Я ничего не сказала и убрала плащ с вешалки, чтобы отнести его в ванную комнату, где вода могла стекать с него сколько угодно.

— Ты вяжешь крючком? — спросил меня Кьетан.

Я посмотрела на него с некоторым недоумением. Мне не слишком понравился намек, поскольку в моем представлении домашнее рукоделие и мои самые пламенные наклонности находились между собой в прямом противоречии. Поэтому мой ответ был более чем лаконичным.

— Нет.

Кьетан сложил свои руки-мачты и сделал пару своих привычных па, переступая с носка на пятку, которые он совершал с тем же изяществом, с каким мой отец носил свой берет священника. Его указательный палец уже поднялся в наставническом жесте, предвещавшем обычно извержение слов, когда я поспешно прервала его:

— А ты?

— Что я?

— Ты вяжешь крючком?

— Это единственное, что меня успокаивает, единственное, что приводит меня в себя…

— Не знаю, может быть, где-то осталось неоконченное вязание моей тети. Посмотри где-нибудь…
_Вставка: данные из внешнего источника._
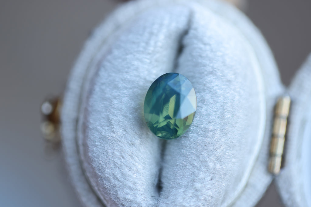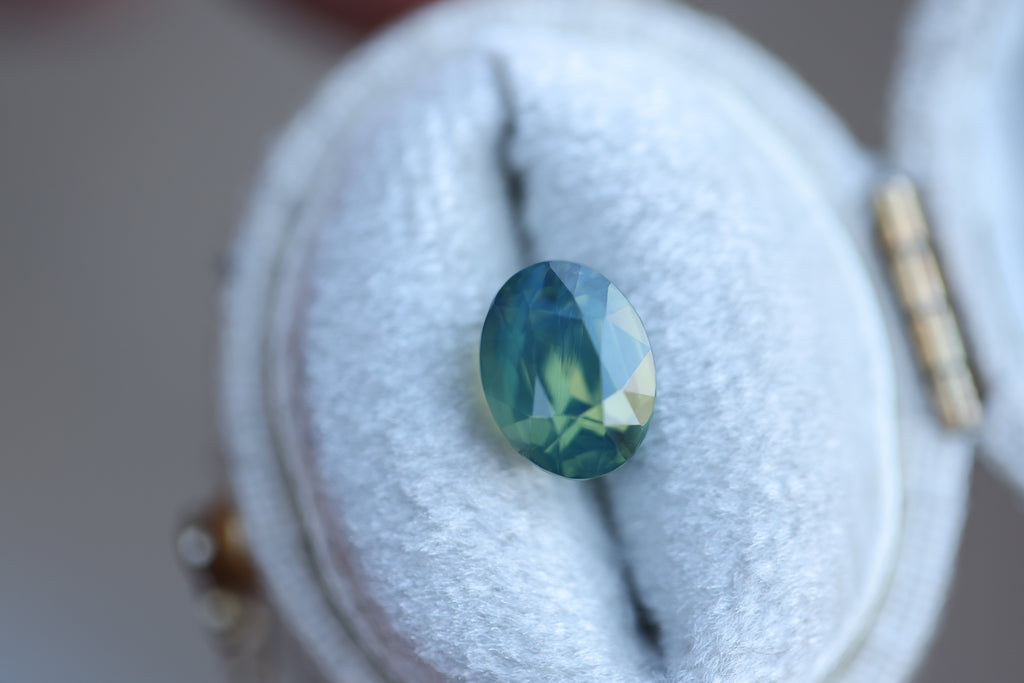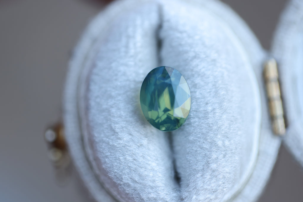 This absolutely gorgeous oval opalescent teal green sapphire has such an ethereal woodland vibe - just magical!
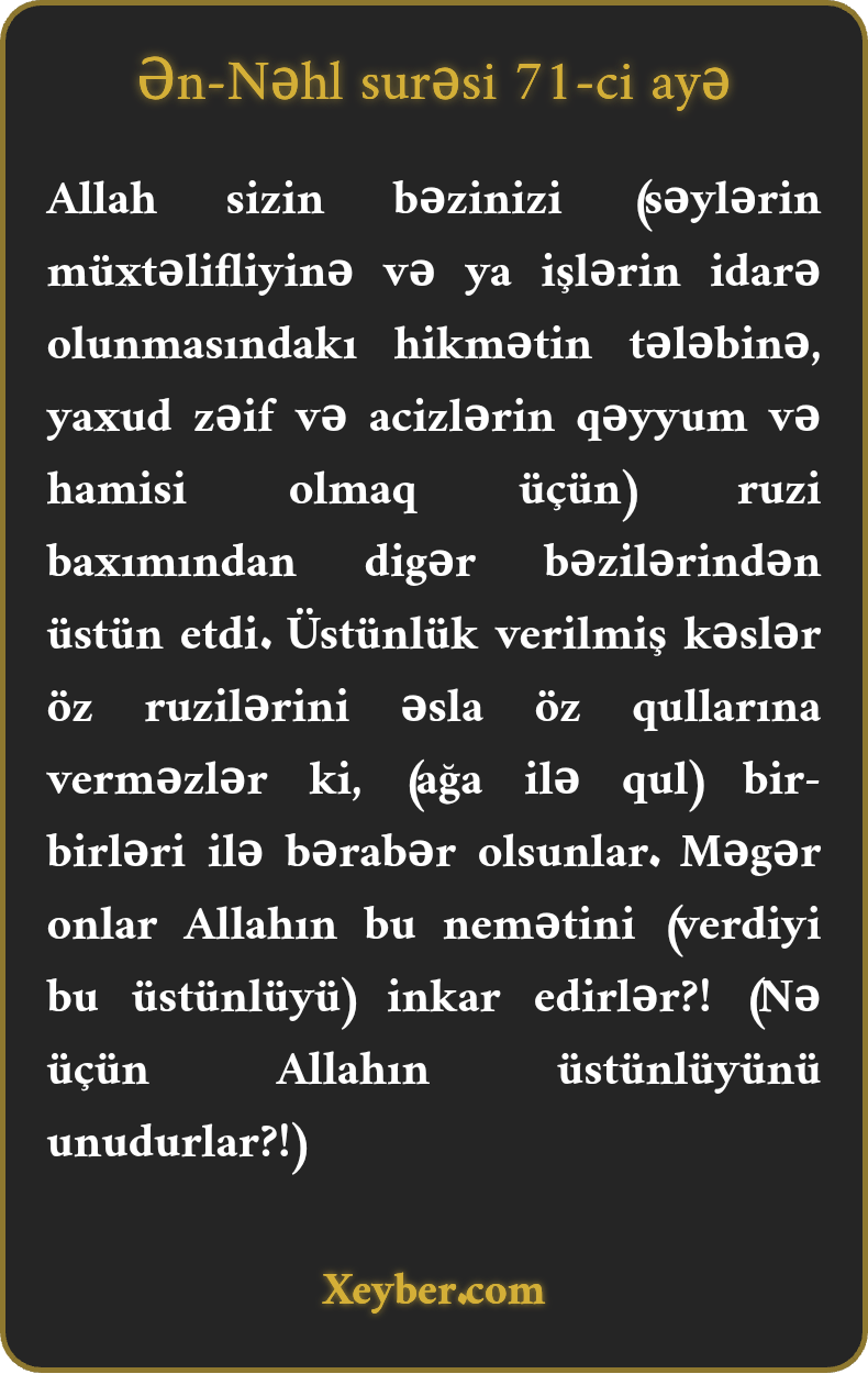 "Allah ruzi baxımından sizlərdən bəzisini digərlərindən üstün etmişdir. Üstün edilənlər öz ruzilərini tabeçiliklərində olanlara verməzlər ki, hamı bərabər olsun. Yoxsa Allahın nemətini inkar edirsiniz?”
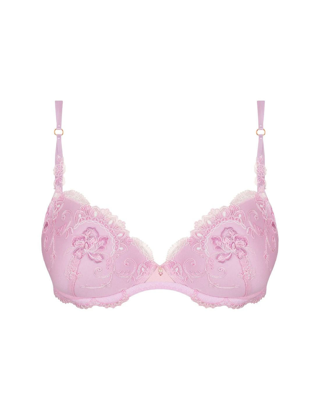 Cups in multi-thread embroidery on invisible tulle, scalloped at the neckline. The band, in scalloped embroidery at the front, is embellished with a scalloped embroidered trim at the back. The two-part straps are adorned with a floral embroidered motif at the base of the strap, then a metal beaded ring. The center gore is embellished with a mother-of-pearl bead. Detachable necklace sold separately.

Я была удивлена: оказывается, вязание крючком было вовсе не недоброжелательным намеком на мое благонравное прошлое ученицы школы при монастыре, а его собственной мучительной потребностью. Его фраза о вязании являлась очевидным выражением синдрома воздержания, и я истолковала ее как итог трудного времени, которое переживал сейчас Кьетансиньо; а он тем временем рылся в корзинке с рукоделием, открывал ящики и заглядывал в каждый уголок и делал это так ловко, что скоро должен был найти забытое тетей рукоделие. Во время поисков пришел мой кузен, и я спросила его из кухни:

— Ты не знаешь, где то вязание, которым занималась твоя мама?

— Знаю. Я на днях отправлю его ей. Она уже третий или четвертый раз просит меня об этом по телефону и в письмах.

— Так дай его Кьетану, и я уверена, что ты пошлешь его уже в законченном виде.

Улыбка на лице моего двоюродного брата, заглянувшего в дверь кухни, сменилась удивлением, когда он услышал у себя за спиной голос Кьетана.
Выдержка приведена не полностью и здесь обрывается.